The RFCs to appear to be quite that specifically related to encrypted
connections, but focusing there is fine, since that's what tcpinc is
focused on.
has similar security properties. If you have a transport layer
optimization proxy that is trusted to terminate TCP connections but not
trusted to look into or modify the secure end-to-end data stream, how
does channel binding apply?
And by terminate TCP connection, I assume you mean to deframe and
sequence the session? Why does an optimizing proxy need to do this
work?
So, why can't the optimizing proxy just queue up the frames and resend
them unmodified back out? Yes, it'll be more work, but an optimizing
TCP proxy is already doing extra work (like it shouldn't be acking data
till the other side ack's it, etc)...
btw, I do realize people want to make these optimizing proxies, but
I think that at least for tcpcrypt, storing frames and retransmitting
them would be the easiest way, and keep the MAC's intact w/o having
to modify the protocol significantly to support these...
I can certainly see that a whole different architecture for the proxy
could make it easier to support tcpcrypt, but that's just as much a
result of how tcpcrypt is designed as it is the design of the proxy. A
proposal that doesn't integrity check the TCP header and the data stream
as a single unit would not have this problem.
If the TCP header is not being authenticated, then channel binding
Turns out tcpcrypt protects quite a bit of the TCP header... see
Figure 2 on page 6 for what is protected...
That's true, but tcpcrypt is not the only proposal.
doesn't apply at all on the proxy because there are no security
requirements for TCP. If the TCP header is being authenticated, there
are security requirements for TCP, but they aren't shared with the
end-to-end data channel. The fact that a received header has been
authenticated doesn't mean anything for the data that was delivered in
the header, since the expectation is that data will have been unmodified
along the whole path. Authentication for the header and the data cannot
be combined in this case, because authentication for the data must show
that the data was unmodified end-to-end, while there is no such
expectation for the header. I don't see an opportunity for security
authority delegation that involves TCP.
Why do proxies need to even modify the header? The fact that there are
sooo many middle boxes that modify and refrace tcp got us into this
situation in the first place, that expanding and adding features to TCP
is extremely difficult... If they had just saved the whole frame for
retransmission, things would have been a lot easier...

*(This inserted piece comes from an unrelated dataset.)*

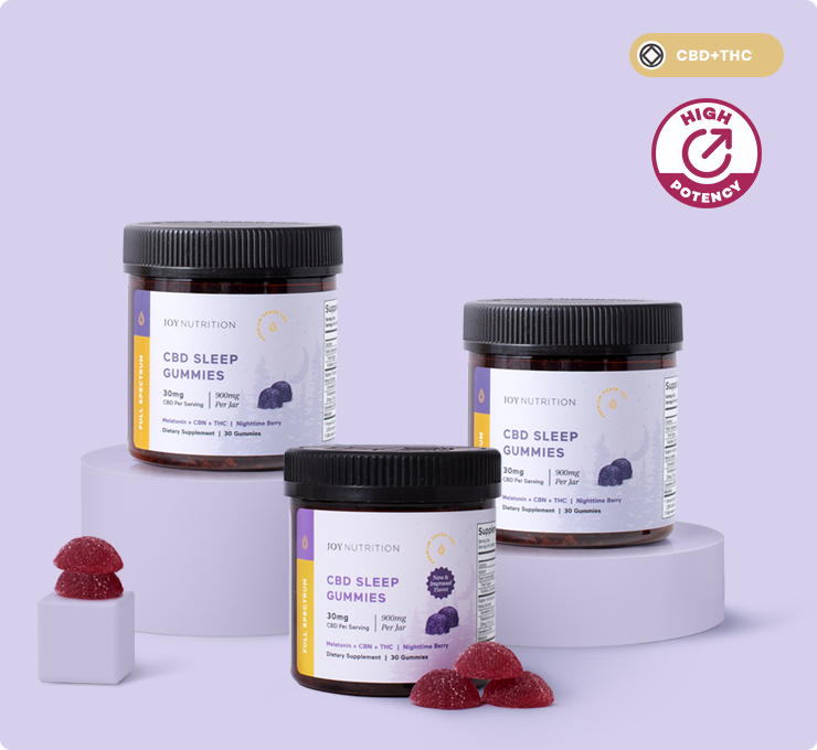 Our Sleep Gummies are made to support relaxation and restful sleep. They combine full spectrum CBD, a small amount of Delta 9 THC, and melatonin to help you unwind at night and wake up feeling refreshed.

I see the question of why a proxy might be designed this way as a
rathole for the list. The fact of the matter is that there are a broad
range of such middle boxes, and I don't think that this WG's efforts are
going to drive middleware vendors to completely redesign their
technology (at least not in the near term), regardless of whether some
WG participants think that the vendors have made bad design choices. On
the other hand, middleware vendors might go to the trouble of supporting
tcpinc if it is not designed in a way that prevents them from doing so.
This leads me to the question of what our goal is relative to such
middleware. Do we want to positively influence adoption by ensuring
interoperability with these types of boxes? Or do we want to declare
these boxes to be part of the problem and explicitly not support them,
despite the fact that it may slow adoption of the protocol?
--
Brandon Williams; Senior Principal Software Engineer
Emerging Products Engineering; Akamai Technologies Inc.